Second experiment was with kube-quotaalloc
. My intended use was to generate a separate namespace/QuotaAllocator/ResourceQuota for each MPI job that would be submitted. So I created three namespaces, three QuotaAllocators (with 100 CPU each) and three resource quotas but upon running kube-quotaalloc
, I saw that the quotas were clipped to fit within one node:
$ kubectl get quota rq01 -n allocator-ns01 -o yaml
apiVersion: v1
kind: ResourceQuota
metadata:
creationTimestamp: 2018-02-05T11:08:38Z
name: rq01
namespace: allocator-ns01
resourceVersion: "7507551"
selfLink: /api/v1/namespaces/allocator-ns01/resourcequotas/rq01
uid: eac65704-0a64-11e8-b0e9-54ab3a8ca064
spec:
hard:
limits.cpu: "80"
limits.memory: "540954869760"
pods: "100"
requests.cpu: "80"
requests.memory: "540954869760"
status:
hard:
limits.cpu: "80"
limits.memory: "540954869760"
pods: "100"
requests.cpu: "80"
requests.memory: "540954869760"
used:
limits.cpu: "0"
limits.memory: "0"
pods: "0"
requests.cpu: "0"
requests.memory: "0"
It was initially 100 CPUs, but was trimmed down to 80 CPUs (which is how many CPUs are present on each node).
How can I use kube-arbitrator
as a resource manager/scheduler for multinode MPI jobs? Ideally, I'd wish for the Job's pods to only be scheduled once all the resources for the whole job become available.

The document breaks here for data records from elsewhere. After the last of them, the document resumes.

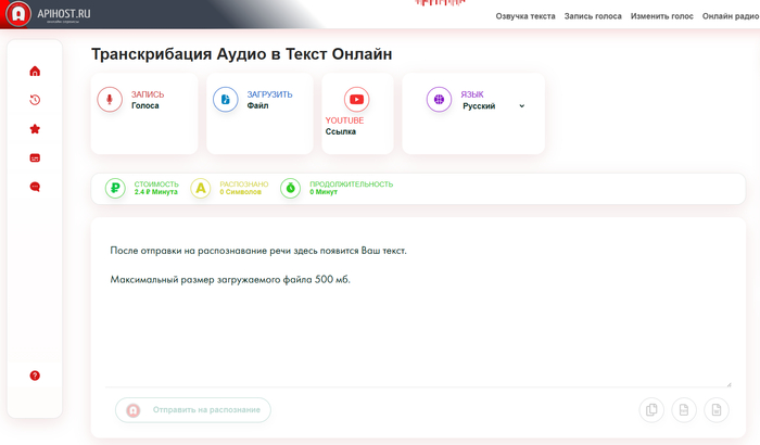 Apihost.ru — сервис транскрибации в онлайне: принимает файлы, микрофон или ссылку и может разобрать час записи за 6–10 минут.
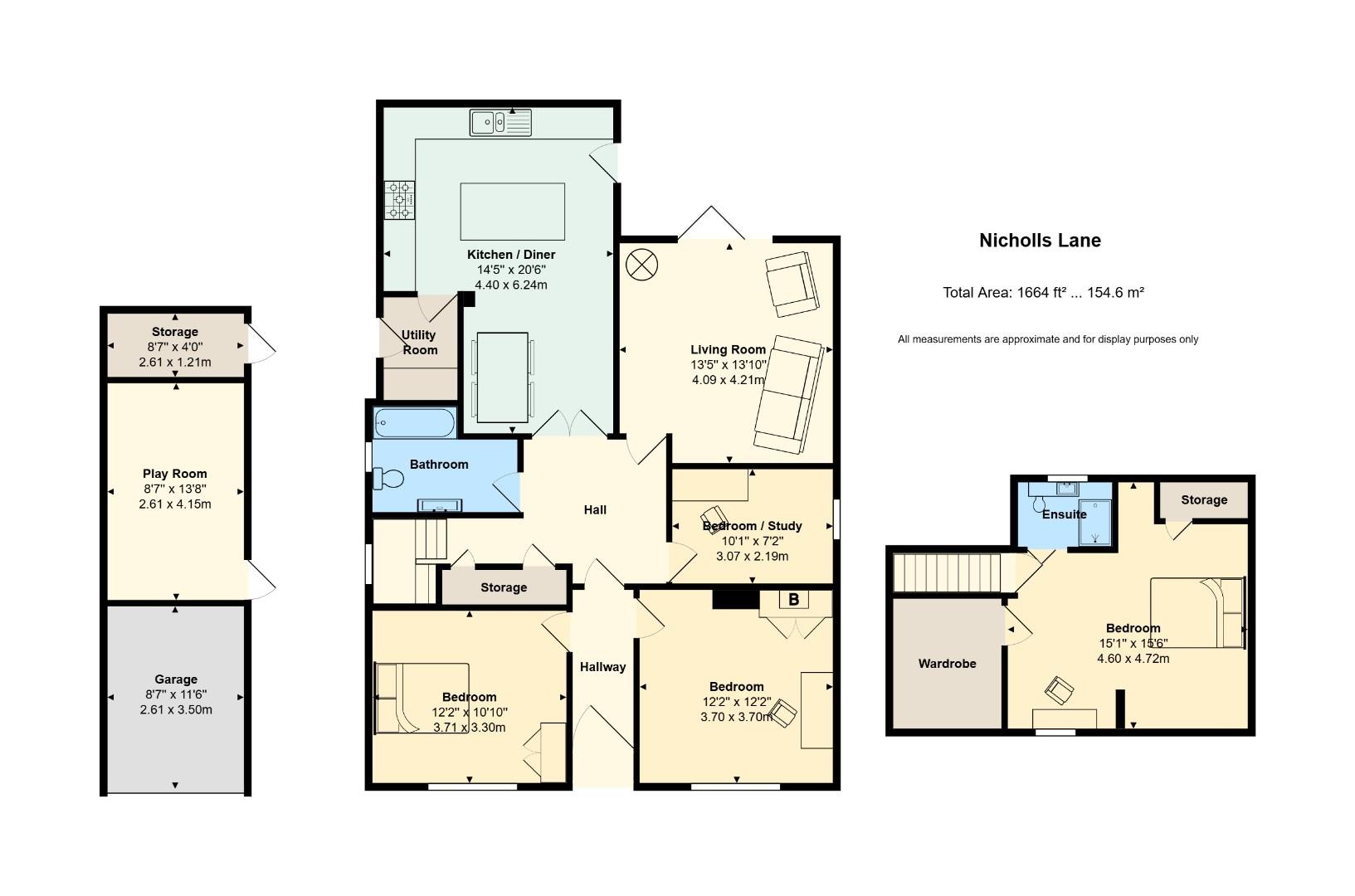 The property boasts three well-appointed bedrooms on the ground floor, ensuring convenience and accessibility. The master suite, located on the first floor, offers a private retreat, complete with its own en-suite bathroom, providing a touch of luxury and seclusion.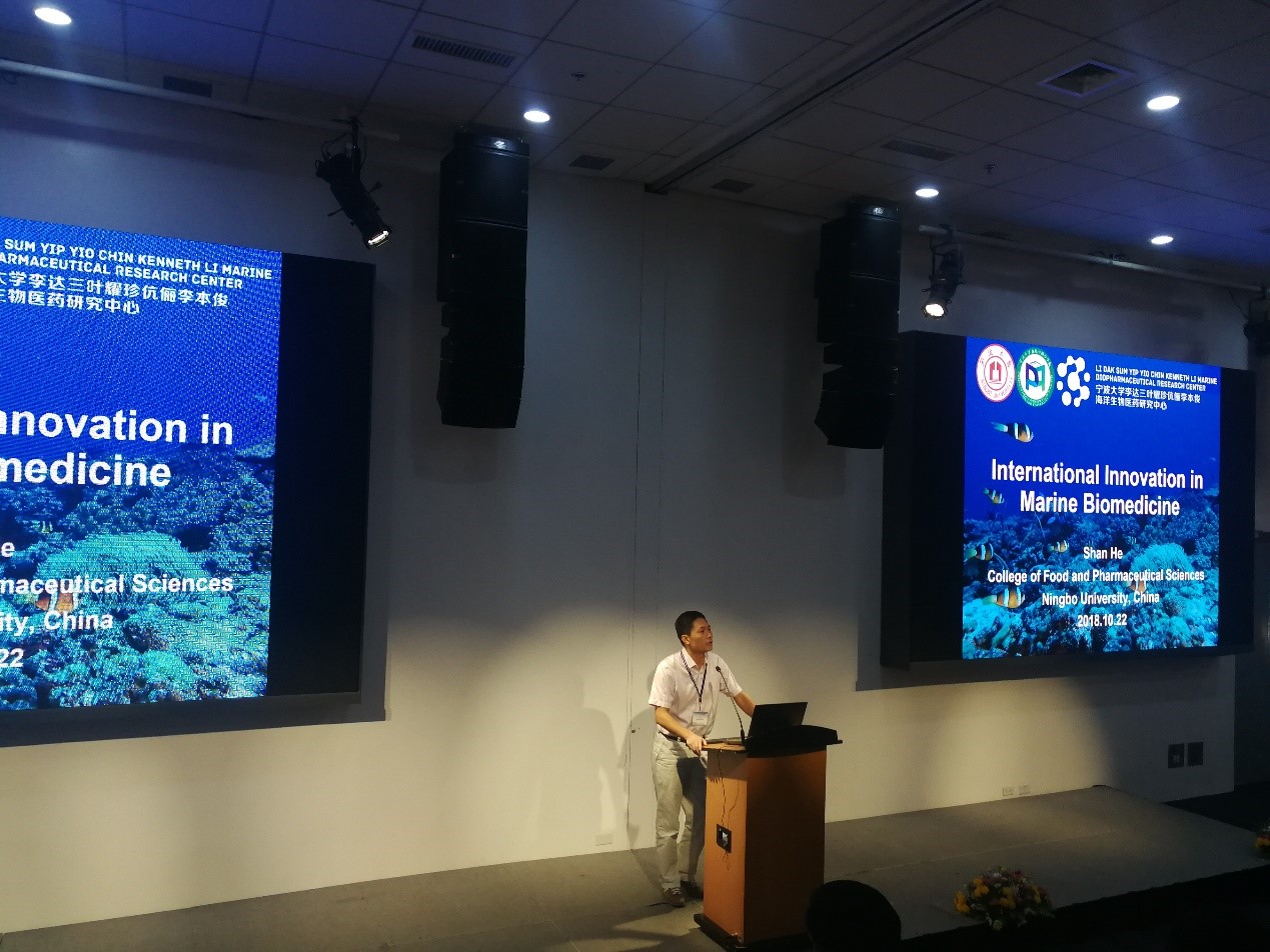 教师斯拉瓦·爱泼斯坦、何山、C. Benjamin Naman (Ben)、张为艳受邀参会,其中何山和Ben受邀作了大会报告(Plenary Speaker)。何山的报告《International Innovation in Marine Biomedicine》介绍了香港六合彩开奖网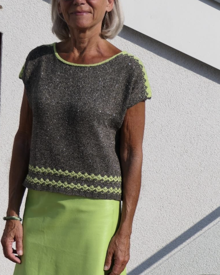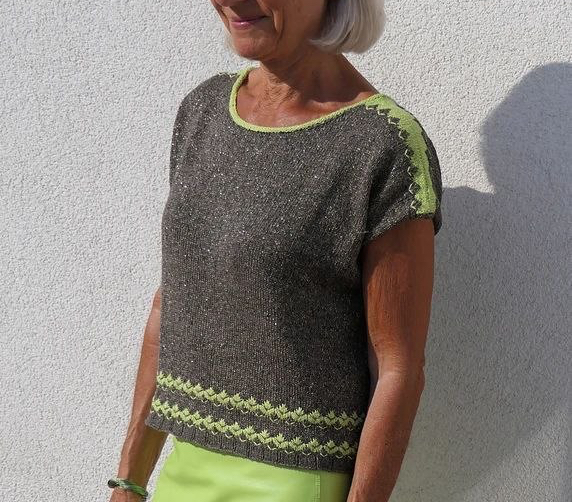 Это топ оверсайз прекрасно подойдет для летних солнечных дней. Вязание начинается снизу и продолжается круговыми рядами до пройм. Затем работа делится на перед и спинку, которые вяжутся раздельно поворотными рядами до плеч. Линия плеч и вырез спинки формируются при помощи укороченных рядов, а вырез горловины переда образуется благодаря убавлениям и закрытым петлям. По окончании работы выплоняют отделку горловины.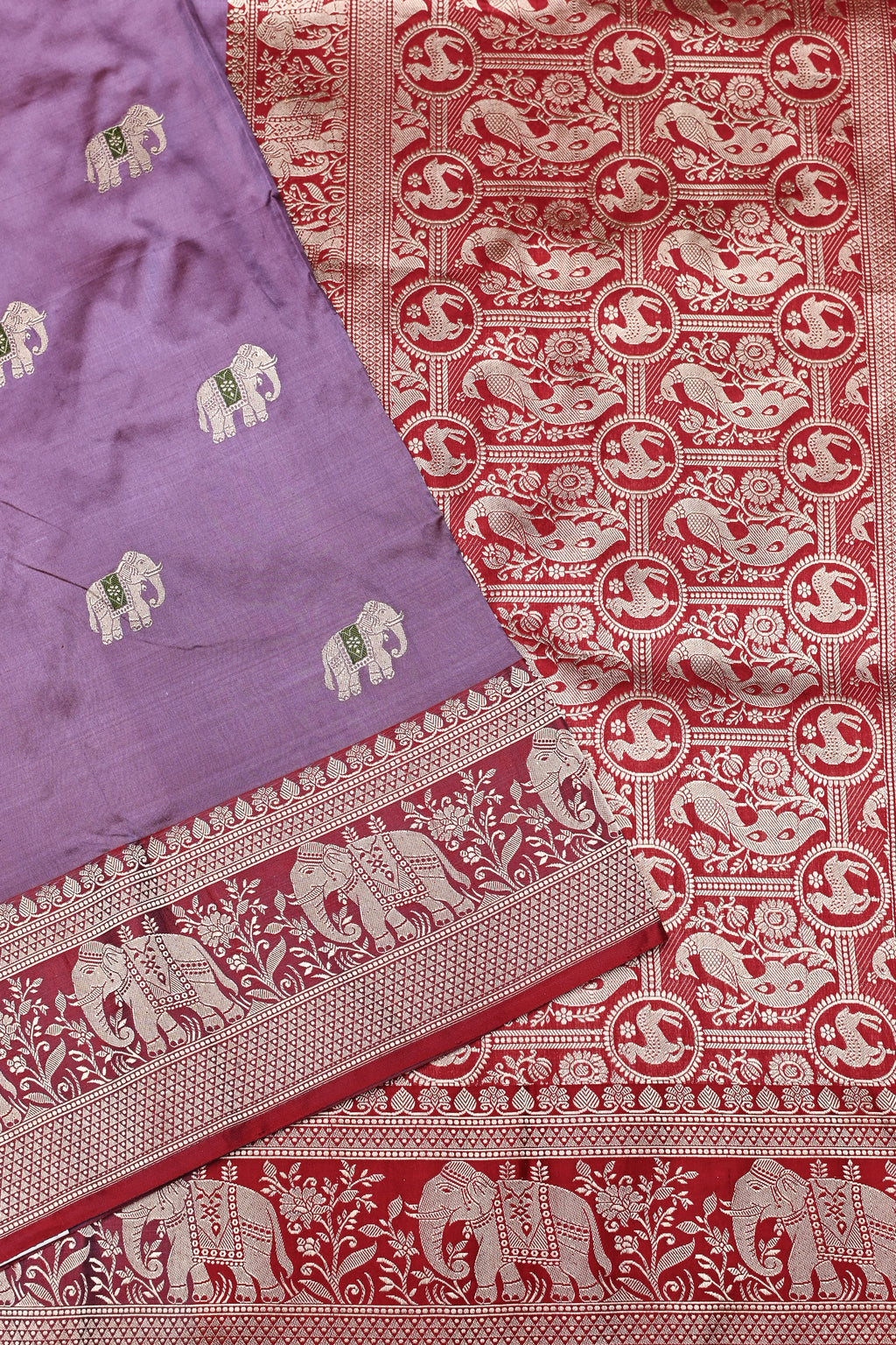 Handwoven Mauve Motif Banarasi Katan Silk Saree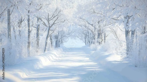 Naklejka premium Tranquil Winter Wonderland: Snow-Covered Trees with Intricate Ice Crystals...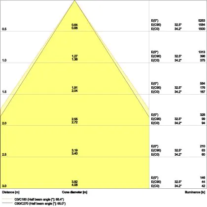 Beispiel: Wird eine Lampe mit einem Abstrahlwinkel von 60 Grad an der Decke (2,5 m Höhe) angebracht, erzeugt sie einen Lichtkegel von 2,9 Metern Durchmesser. Hat die Lampe hingegen einen Abstrahlwinkel von 120 Grad, beträgt der Lichtkegel 8,7 Meter im Durchmesser. |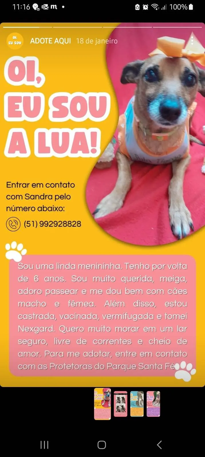 Lua é uma cadelinha amigável e carinhosa, castrada e vermifugada, está em lar temporário esperando uma família só sua para demonstrar toda a sua gratidão! Para lares sem risco de fugas e livre de correntes. Contato com Cristiane 51 995040238 para entrevista de adoção e assinatura de termo de responsabilidade.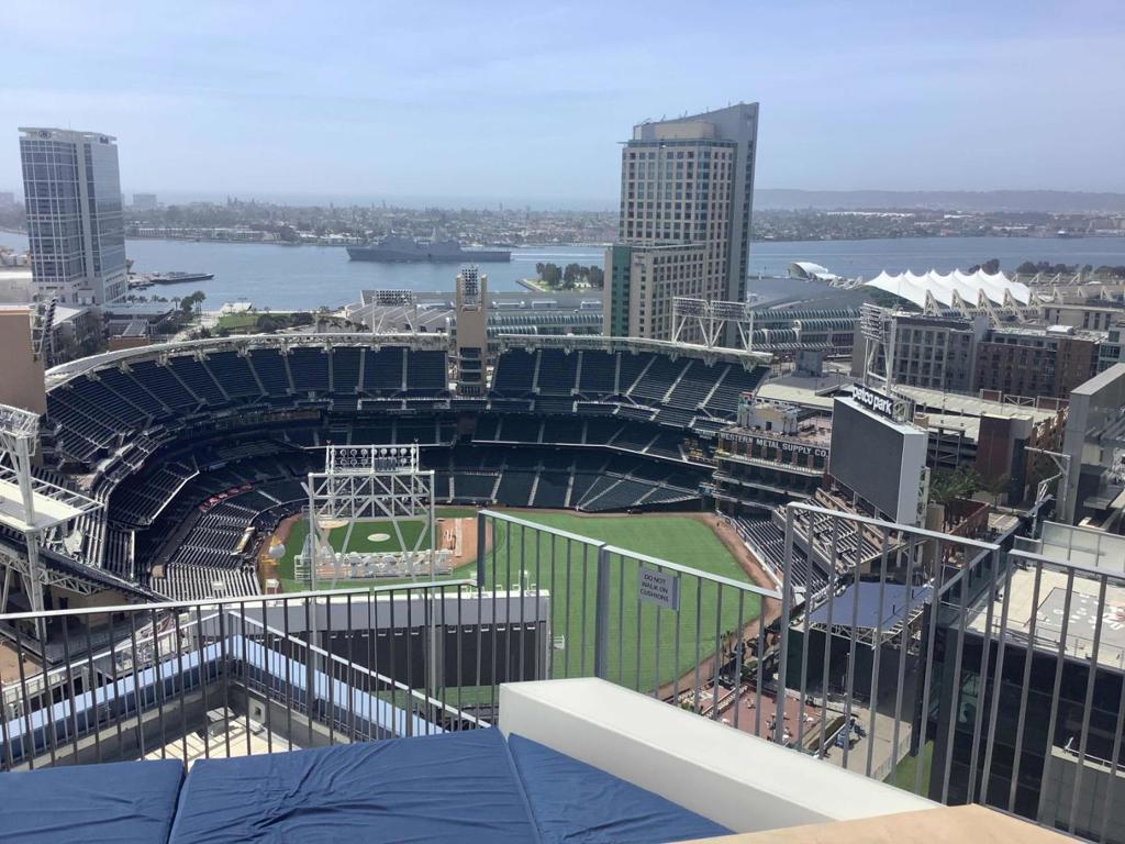 This industrial, spacious loft with an amazing floor plan is ready for love. Live in one of the most sought-after communities with incredible amenities including an in-building movie theater, gym, and rec room! Enjoy unrestricted rooftop access to a gorgeous community area with amazing views of Petco Park! Come home to an enclosed, safe, internal space with cathedral ceilings, expansive steel-framed windows, gorgeous wood floors, and modern finishes! Spacious entertainment area flooded with natural light, with central air conditioning and Google Home set up, making this smart home perfect for indoor lounging. Your luxurious open-concept kitchen comes ready with spacious granite countertops, a dining bar, and stainless-steel KitchenAid appliances. Concealable in-unit laundry also installed! 1 GB Google Webpass Internet and a secured parking space are also included in the rent! Your new home is perfect for planting roots! 24-hour front desk/security and secure garage parking is available for your peace of mind. Right in a walkable location - steps to Padres Stadium, dining options, shops, entertainment, and public transportation!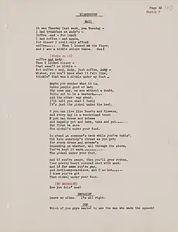 "I wrote both the words and the music of The Cradle Will Rock at white heat during five weeks in 1936," Blitzstein said,[6] "as a kind of rebound from my wife's death in May." The drafted short score was completed September 2, 1936.[4]: 157 Blitzstein signed with the William Morris Agency and began auditioning The Cradle Will Rock in one-man shows in the homes of New York producers including Herman Shumlin,[4]: 175 Harold Clurman for the Group Theatre, Charles Friedman for the Theatre Union, and Martin Gabel.[7]: 246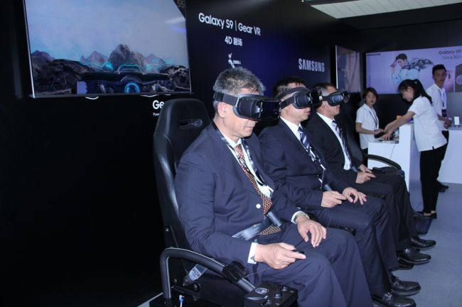 (讲师介绍产品) Gear VR,身临其境体验创新科技 在Gear VR展区,参观者还可以现场体验虚拟与现实的穿越,感受科技带来的奇妙旅程。通过VR头盔和摇摆座椅的结合,用户可以感受4D电影,体验VR游戏,配合手柄操作,让用户沉浸在虚拟环境中,身临其境感受黑科技的畅快体验。现场参观者跃跃欲试,纷纷体验刺激的银河攻击,沉浸式的虚拟现实游戏,给每位体验者带来前所未有的刺激体验。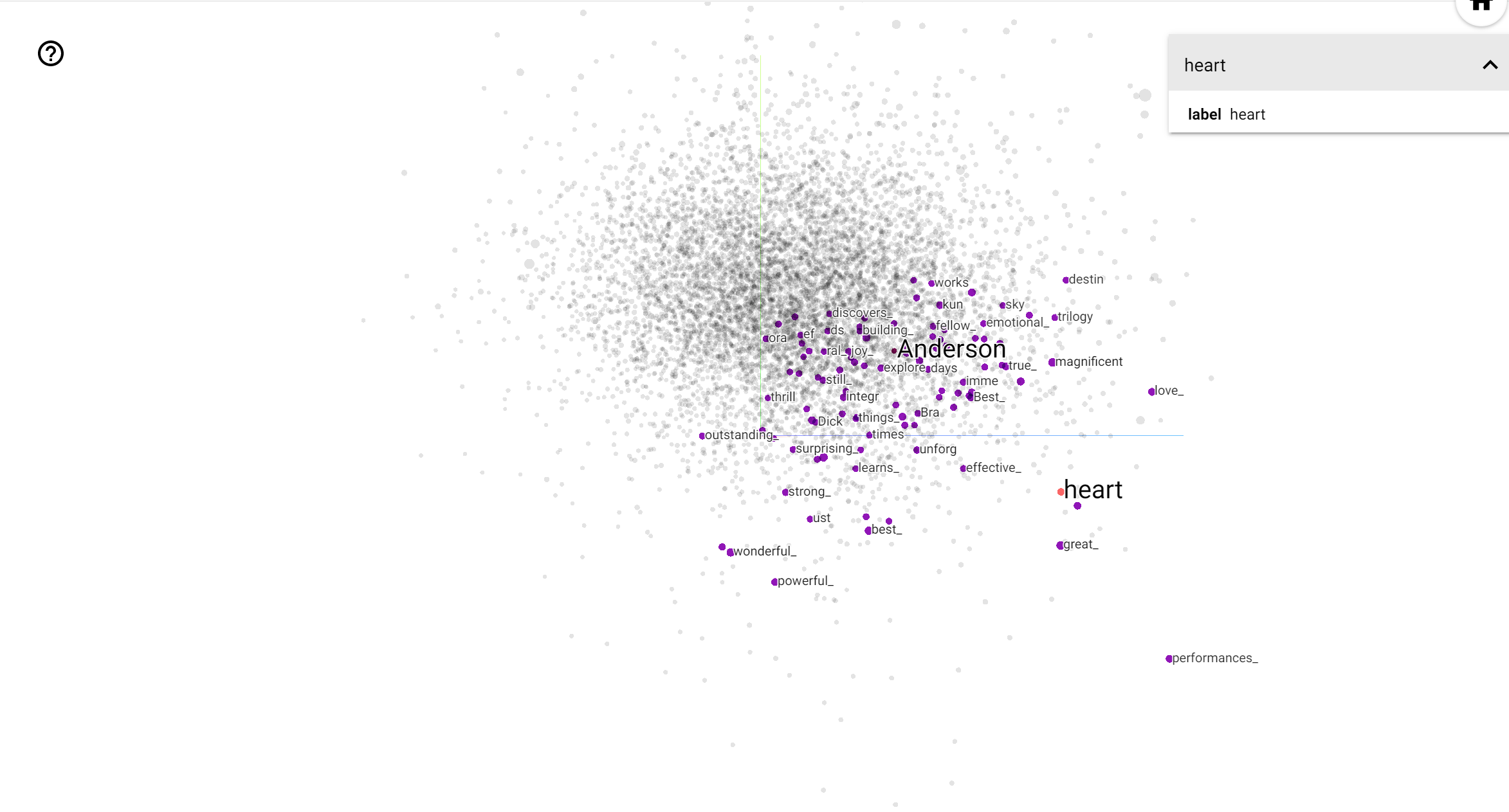 In questo spazio, Hitchcock è più vicino a parole come nightmare , che è probabilmente dovuto al fatto che egli è conosciuto come il "Master of Suspense", mentre Anderson è più vicino alla parola heart , che è coerente con il suo stile e inesorabilmente dettagliato commovente .

Also, can kube-batchd handle a case of two applications having been submitted at pretty much the same time that could lead to a deadlock? I.e. imagine we have 5 nodes and two applications which require 4 nodes each (and this is a hard request, i.e. they'd wait for all their jobs to start running before making progress, thus indifinitely blocking whatever nodes they have been assigned). If they were to be submitted at the same time, we could run into a deadlock because app1 would take e.g. 3 nodes and app2 would take the remaining 2 nodes in the meantime. Neither of the apps can make progress until they get more nodes and hence a deadlock occurs.